Kalmadı
Pusu dolu hep başka yollar
O’na varandan başka yol kalmadı.
Düşmanlık dolu bütün yönler
O’nun vechinden gayri cihet kalmadı.
Azgın dalgalar dört bir yanda. Deniz kabardıkça kabarmış. Çalkalanmakta durmadan bütün kâinat. O’na sığınmaktan başka çare kalmadı.
Dost dost dediklerin sırtından vururlar. Yüzüne gülerler, dönünce hançer çekerler. Kalmadı mertlik, diz boyu kalleşlik. O’ndan başka gerçek dost kalmadı.
Âlimdir dedik hikmetsizlere. Biliriz dediler hep bilmediklerine. Götürdüler milleti bilinmedik yerlere. Allâmü’l-Guyûb’dan gayri âlim kalmadı.
Çare diye sarıldık çürük iplere. Serap gördük düşünce çöllere. Kayboldu ümitler, dönüştü hayallere. O’ndan başka Hablü’l-Metîn kalmadı.
Kalbimizi sardı dünya sevgisi. Gözümüzü bürüdü makam hasreti. Yolumuzu şaşırttı tamah gayreti. O’nun sevgisinden başka ilaç kalmadı.
Sen ben diye hep çekişmeler... Herkes ister ki “hep beni dinleyeler!” Sözünün üstüne başka söz istemezler. O’nun kelâmından başka kelâm kalmadı.
Aka kara derler, karaya da ak. Gerçek zannettikleri sahtedir, bak! Tersyüz eden hakikati, ahmak. O’nun hikmetinden başka hakikat kalmadı.
Doğru diye saptılar eğri yollara. Kargalar yol gösterdi kılavuzlara. Dönüp dolaşıp saplandılar sahralara. Sırat-ı müstakimden başka yol kalmadı.

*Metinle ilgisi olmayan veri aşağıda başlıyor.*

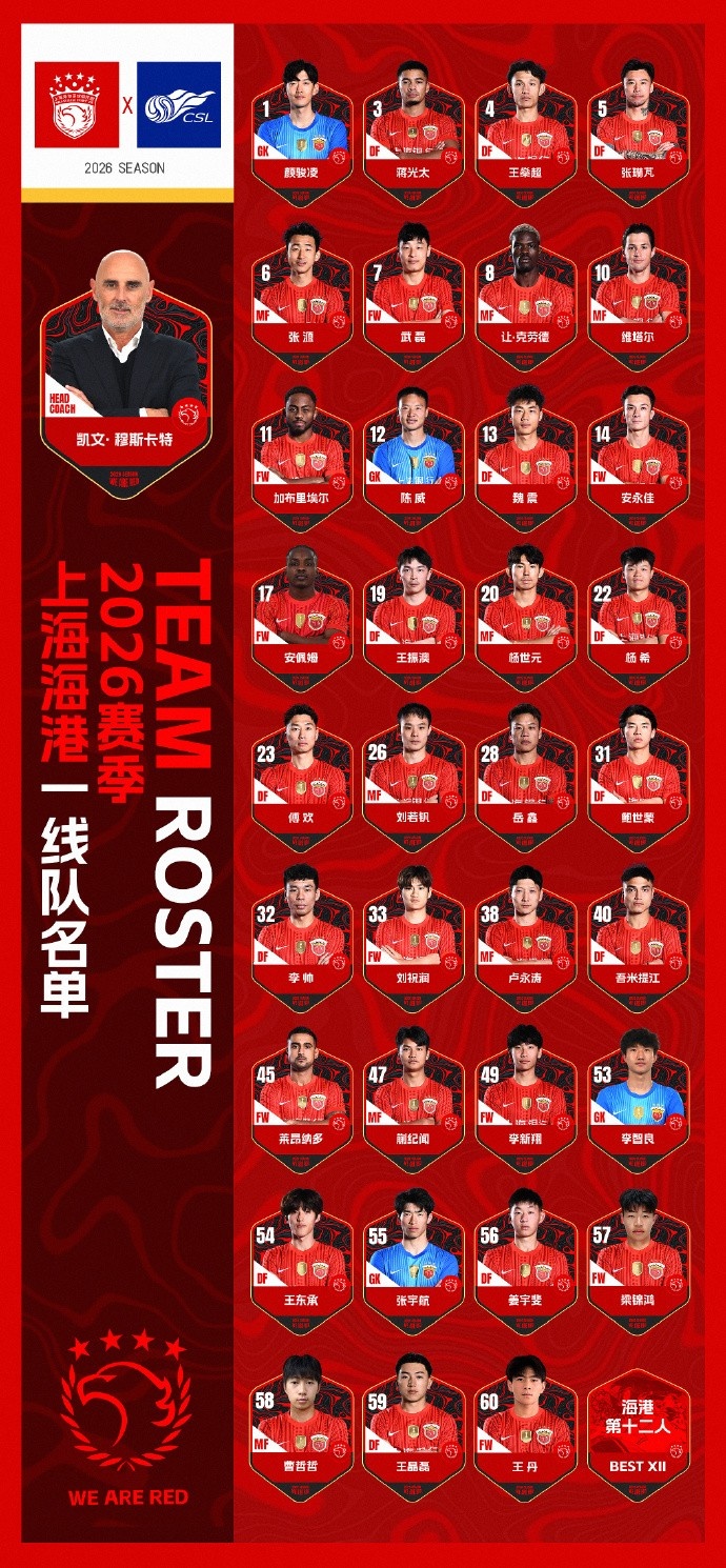 开云APP-2026赛季上海海港一线队名单 并肩战斗
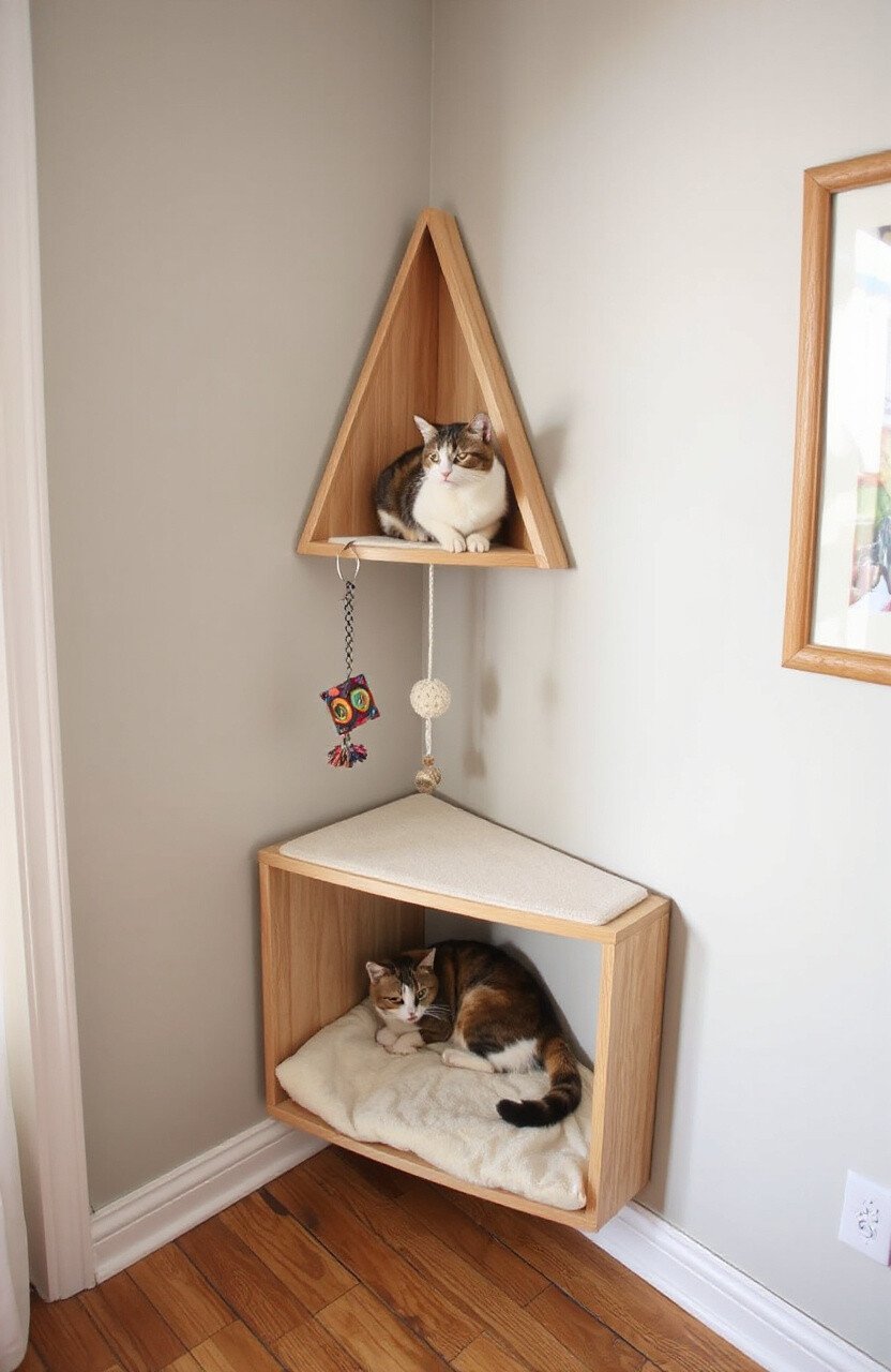 Cats love the security of a corner, and it’s a great way to maximize space. Add a soft, padded mat and some hanging toys for entertainment.

Sarıldı güçlüler hep zulümlere. Reva gördüler işkenceyi âhir zaman ümmetine. Hayatlar dönüştü ölümlere. Gayret-i İlahî’ye dokunmaya çok bir şey kalmadı.
Yerin altı üstünden hayırlı. Göçenler sevgili, kalanlar sevdalı. Karıştı hayretle hayat ölüm sarmalı. Cennete de cehenneme de çok mesafe kalmadı.
Semada yankılanır mazlumun sesi. Arş’a kanatlanır şehitlerin nefesi. İniltiler yırtar toprak kafesi. Ehl-i ıstıraba icabete engel kalmadı.
Felsefe diye girer şüphe zihinlere. Özgürlük diye diye ahlâkı sererler yere. İlaç diye zehir verirler nesillere. Şâfi-i Hakiki’den başka derman kalmadı.
Mutluluk umarlar şekâvet yolunda. Kurtulacaklar sanırlar düşme tuzağında. Karanlığa boğulur dibe vardığında. O’nun nurundan başka ışık kalmadı.
Tehlike dolu hep başka yollar
O’na yönelmekten başka çare kalmadı.
Bin bir tuzakla sarılmış istikametler
Hıfz-ı İlahîden başka kurtuluş kalmadı.